For example, buffering of the RDS group data in transceiver core
202 can reduce the number of interrupts to host processor 204.
Thus, host processor 204 does not have to wake-up as often to
acknowledge RDS interrupts. Filtering enables host processor 204 to
only receive the desired data types and only if it has changed.
This typically reduces the amount of interrupts and saves code on
the host processor 204 that would have been needed to filter out
the "raw" RDS data. Processing of the main RDS group types (0 and
2) in transceiver core 202 is seen to offload host processor 204.
Host processor 204 would only have to display the pre-processed PS
and RT strings to the user. The PS table and RT string resides in
the transceiver core's memory so host processor 204 could disable
all interrupts and retrieve the current strings when it wishes
(e.g., coming out of screen saver mode).
[0198] In addition, converting RDS data into RDS group type data by
transceiver core 202 (e.g., formatting RDS PS data into RDS group
type data such as RDS group type 0A data and formatting RDS RT data
into RDS group type data such as RDS group type 2A data) can save
host processor 204 from having to perform additional processing.
Host processor 204 may only need to provide transceiver core 202
with text strings for RDS data (e.g., MP3 song title and artist).
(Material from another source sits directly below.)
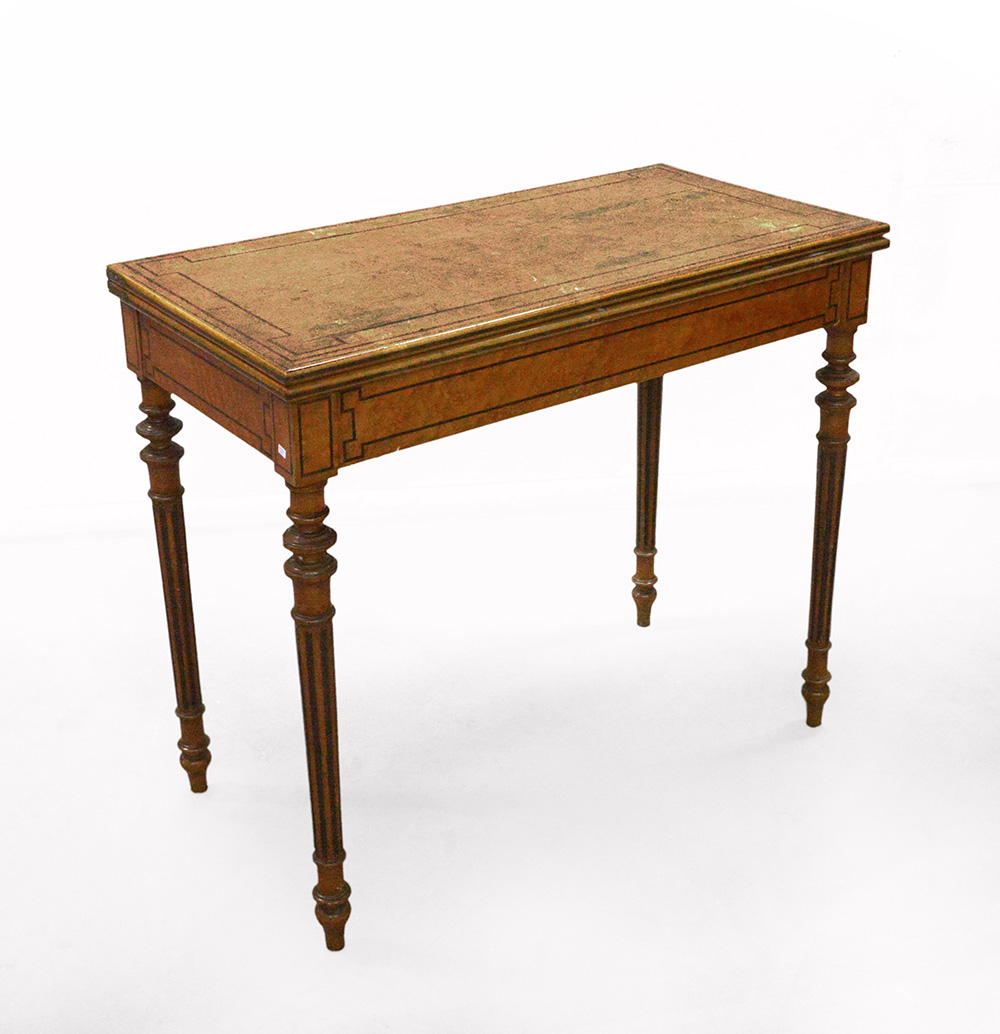 Tavolino da lavoro con piano a libro lastronato e filettato, gambe tornite e scanalate, secolo XIX (cm 92x78x46) (difetti)

The use of data pipes for passing RDS data from host processor 204
to transceiver core 202 provides flexibility for transmission of
common RDS data (e.g., groups types 0 and 2), along with raw RDS
group data. Further, interleaving by transceiver core 202 to meet
the desired repetition rate (e.g., the rate defined in an RDS
specification) can potentially save power, memory, and processing
cycles of host processor 204.
[0199] FIG. 38 is a flowchart illustrating an exemplary operation
of transmitting RDS data from host system 200. In step 3802, RDS
data is received by a data processor from host processor 204. In
step 3804, the RDS data is converted by the data processor into RDS
group type data, or the RDS data is stored by the data processor.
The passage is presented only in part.